2D RNN statistics tensor; an alias for dnnl::memory::format_tag::ba

enumerator ncw = abc

3D CNN activations tensor; an alias for dnnl::memory::format_tag::abc

enumerator nwc = acb

3D CNN activations tensor; an alias for dnnl::memory::format_tag::acb

enumerator nchw = abcd

4D CNN activations tensor; an alias for dnnl::memory::format_tag::abcd

enumerator nhwc = acdb

4D CNN activations tensor; an alias for dnnl::memory::format_tag::acdb

enumerator chwn = bcda

4D CNN activations tensor; an alias for dnnl::memory::format_tag::bcda

enumerator ncdhw = abcde

5D CNN activations tensor; an alias for dnnl::memory::format_tag::abcde

enumerator ndhwc = acdeb

5D CNN activations tensor; an alias for dnnl::memory::format_tag::acdeb

enumerator oi = ab

2D CNN weights tensor; an alias for dnnl::memory::format_tag::ab

enumerator io = ba

2D CNN weights tensor; an alias for dnnl::memory::format_tag::ba

enumerator oiw = abc

3D CNN weights tensor; an alias for dnnl::memory::format_tag::abc

enumerator owi = acb

3D CNN weights tensor; an alias for dnnl::memory::format_tag::acb

enumerator wio = cba

3D CNN weights tensor; an alias for dnnl::memory::format_tag::cba

enumerator iwo = bca

3D CNN weights tensor; an alias for dnnl::memory::format_tag::bca

enumerator oihw = abcd

4D CNN weights tensor; an alias for dnnl::memory::format_tag::abcd

enumerator hwio = cdba

4D CNN weights tensor; an alias for dnnl::memory::format_tag::cdba

enumerator ohwi = acdb

4D CNN weights tensor; an alias for dnnl::memory::format_tag::acdb

enumerator ihwo = bcda

4D CNN weights tensor; an alias for dnnl::memory::format_tag::bcda

enumerator iohw = bacd

4D CNN weights tensor; an alias for dnnl::memory::format_tag::bacd

enumerator oidhw = abcde

5D CNN weights tensor; an alias for dnnl::memory::format_tag::abcde

enumerator dhwio = cdeba

5D CNN weights tensor; an alias for dnnl::memory::format_tag::cdeba

enumerator odhwi = acdeb

5D CNN weights tensor; an alias for dnnl::memory::format_tag::acdeb

enumerator idhwo = bcdea

5D CNN weights tensor; an alias for dnnl::memory::format_tag::bcdea

enumerator goiw = abcd

4D CNN weights tensor with groups; an alias for dnnl::memory::format_tag::abcd

enumerator wigo = dcab

4D CNN weights tensor with groups; an alias for dnnl::memory::format_tag::dcab

enumerator goihw = abcde

5D CNN weights tensor with groups; an alias for dnnl::memory::format_tag::abcde

enumerator hwigo = decab

5D CNN weights tensor with groups; an alias for dnnl::memory::format_tag::decab

enumerator giohw = acbde

5D CNN weights tensor with groups; an alias for dnnl::memory::format_tag::acbde

enumerator goidhw = abcdef

6D CNN weights tensor with groups; an alias for dnnl::memory::format_tag::abcdef

enumerator giodhw = acbdef

6D CNN weights tensor with groups; an alias for dnnl::memory::format_tag::abcdef

enumerator dhwigo = defcab

6D CNN weights tensor with groups; an alias for dnnl::memory::format_tag::defcab

enumerator tnc = abc

3D RNN data tensor in the format (seq_length, batch, input channels).

enumerator ntc = bac

3D RNN data tensor in the format (batch, seq_length, input channels).

enumerator ldnc = abcd

4D RNN states tensor in the format (num_layers, num_directions, batch, state channels).

enumerator ldigo = abcde

5D RNN weights tensor in the format (num_layers, num_directions, input_channels, num_gates, output_channels).

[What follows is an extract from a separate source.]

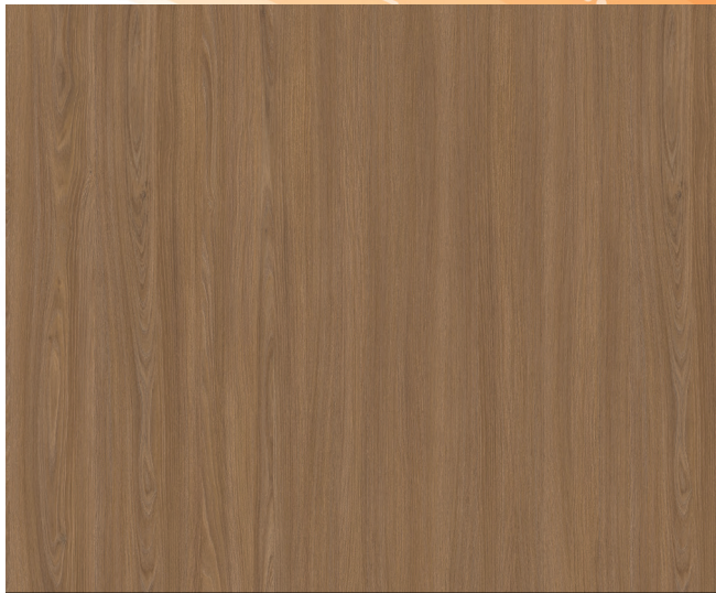
V592WT ACCROCHE-CŒUR / KISS CURL

  • For LSTM cells, the gates order is input, forget, candidate and output gate.

  • For GRU cells, the gates order is update, reset and output gate.

enumerator ldgoi = abdec

5D RNN weights tensor in the format (num_layers, num_directions, num_gates, output_channels, input_channels).

  • For LSTM cells, the gates order is input, forget, candidate and output gate.

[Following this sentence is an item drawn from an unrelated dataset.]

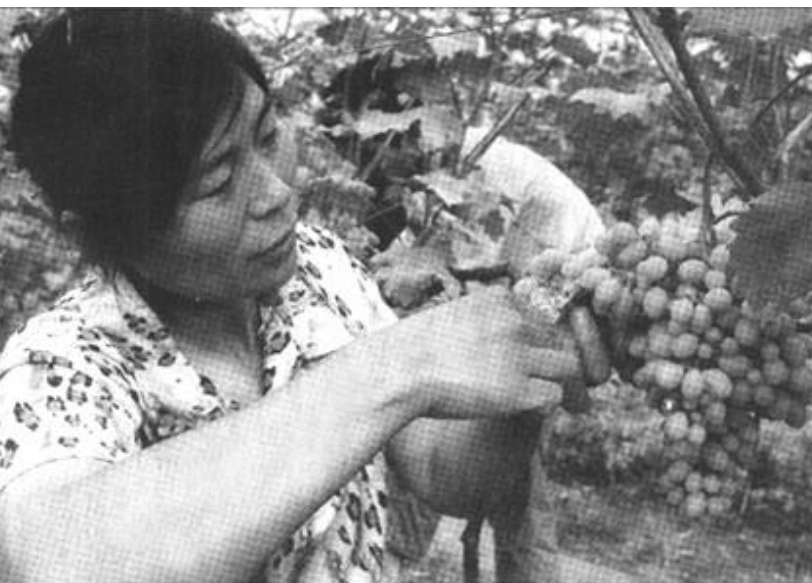
6月8日,广西兴安县的农民在修剪葡萄。该县是葡萄标准化示范基地。

  • For GRU cells, the gates order is update, reset and output gate.

enumerator ldio = abcd

4D LSTM projection tensor in the format (num_layers, num_directions, num_channels_in_hidden_state, num_channels_in_recurrent_projection).

enumerator ldoi = abdc

4D LSTM projection tensor in the format (num_layers, num_directions, num_channels_in_recurrent_projection, num_channels_in_hidden_state).

enumerator ldgo = abcd

4D RNN bias tensor in the format (num_layers, num_directions, num_gates, output_channels).

  • For LSTM cells, the gates order is input, forget, candidate and output gate.

  • For GRU cells, the gates order is update, reset and output gate.